▶ YOUR ASSIGNMENT: Reproduce the listing below in full and without alteration, apart from its pictures.

▶ DATA BELOW:
-- Opening Marker --

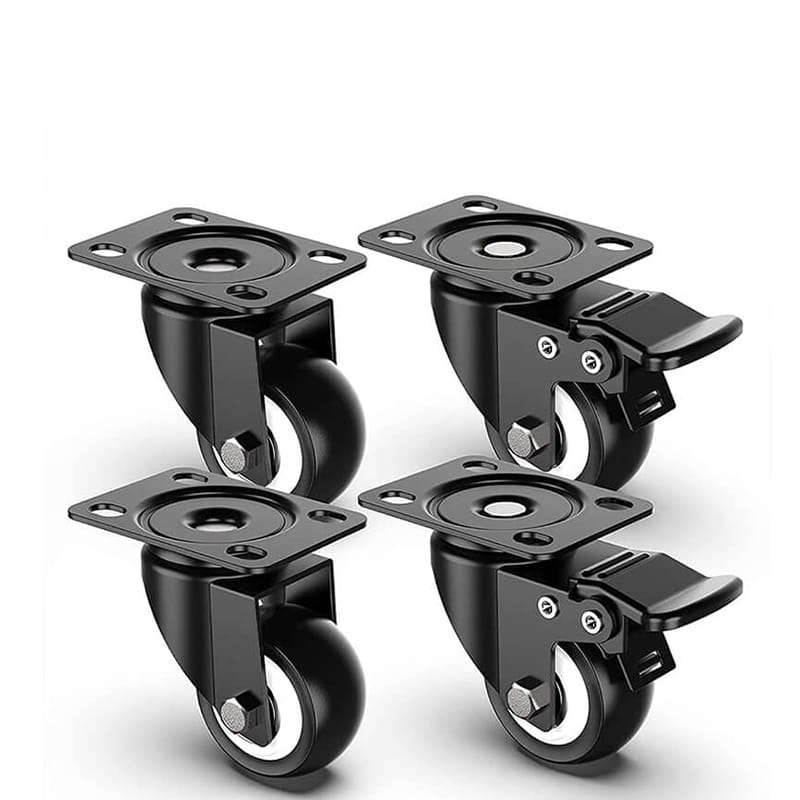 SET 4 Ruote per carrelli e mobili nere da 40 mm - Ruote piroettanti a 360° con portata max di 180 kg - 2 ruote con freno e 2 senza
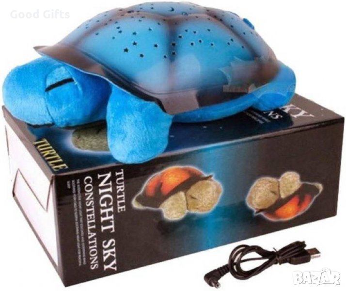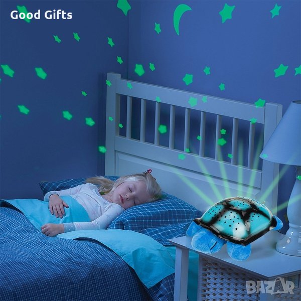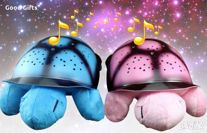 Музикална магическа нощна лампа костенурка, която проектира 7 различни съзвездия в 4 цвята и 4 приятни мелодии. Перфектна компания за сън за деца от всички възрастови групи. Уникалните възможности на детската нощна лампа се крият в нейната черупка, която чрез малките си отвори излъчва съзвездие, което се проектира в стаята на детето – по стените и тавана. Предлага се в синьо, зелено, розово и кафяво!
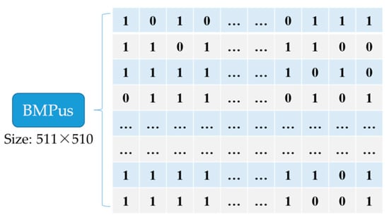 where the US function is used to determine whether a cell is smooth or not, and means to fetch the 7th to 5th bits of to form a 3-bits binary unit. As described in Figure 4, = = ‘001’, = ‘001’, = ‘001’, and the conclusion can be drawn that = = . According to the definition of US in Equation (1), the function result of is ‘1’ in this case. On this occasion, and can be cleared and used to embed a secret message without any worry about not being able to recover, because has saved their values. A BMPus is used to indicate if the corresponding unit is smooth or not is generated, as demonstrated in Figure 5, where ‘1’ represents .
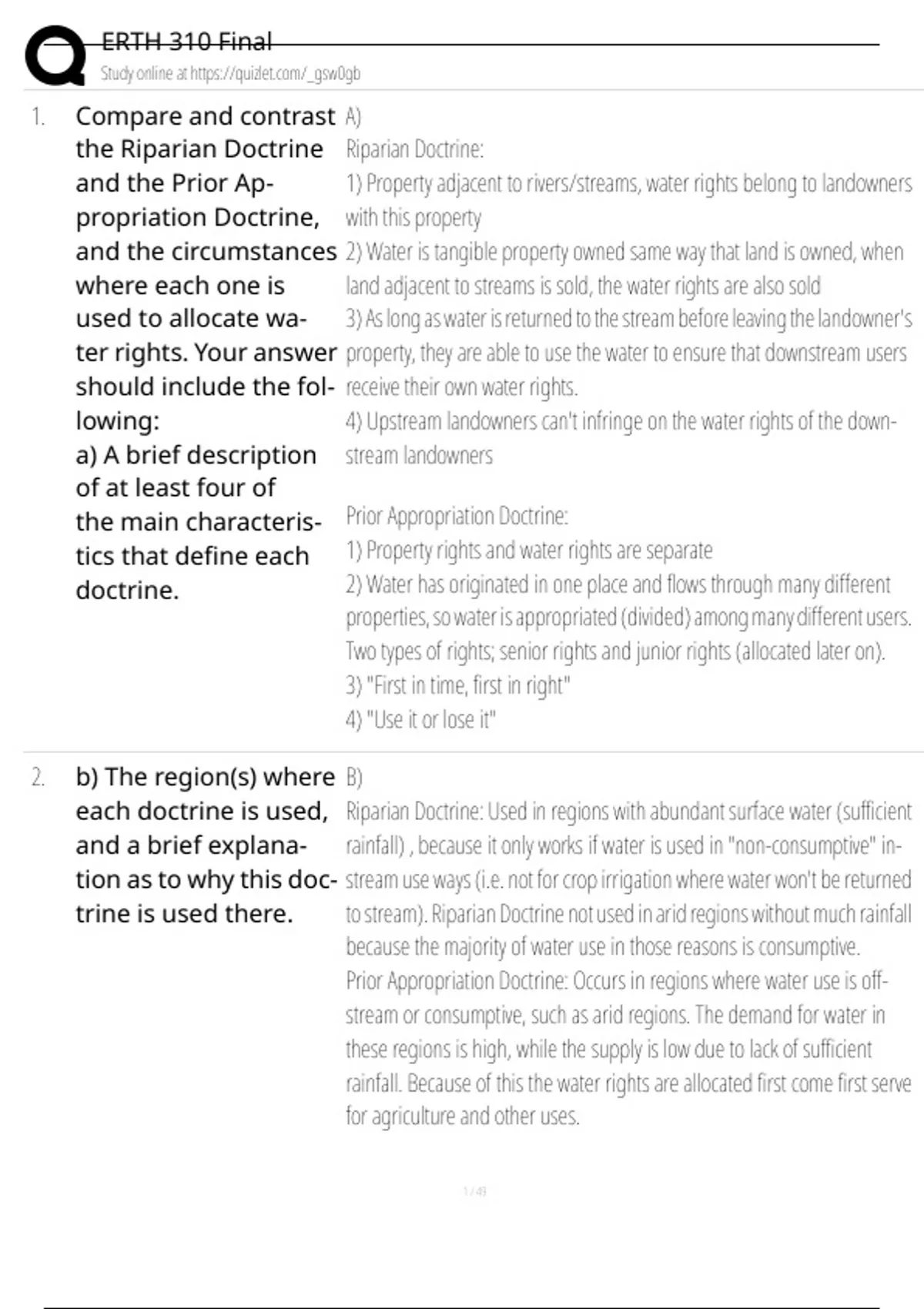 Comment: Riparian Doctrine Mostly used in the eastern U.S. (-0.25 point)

-- Closing Marker --

▶ ANSWER SECTION:
 SET 4 Ruote per carrelli e mobili nere da 40 mm - Ruote piroettanti a 360° con portata max di 180 kg - 2 ruote con freno e 2 senza
 Музикална магическа нощна лампа костенурка, която проектира 7 различни съзвездия в 4 цвята и 4 приятни мелодии. Перфектна компания за сън за деца от всички възрастови групи. Уникалните възможности на детската нощна лампа се крият в нейната черупка, която чрез малките си отвори излъчва съзвездие, което се проектира в стаята на детето – по стените и тавана. Предлага се в синьо, зелено, розово и кафяво!
 where the US function is used to determine whether a cell is smooth or not, and means to fetch the 7th to 5th bits of to form a 3-bits binary unit. As described in Figure 4, = = ‘001’, = ‘001’, = ‘001’, and the conclusion can be drawn that = = . According to the definition of US in Equation (1), the function result of is ‘1’ in this case. On this occasion, and can be cleared and used to embed a secret message without any worry about not being able to recover, because has saved their values. A BMPus is used to indicate if the corresponding unit is smooth or not is generated, as demonstrated in Figure 5, where ‘1’ represents .
 Comment: Riparian Doctrine Mostly used in the eastern U.S. (-0.25 point)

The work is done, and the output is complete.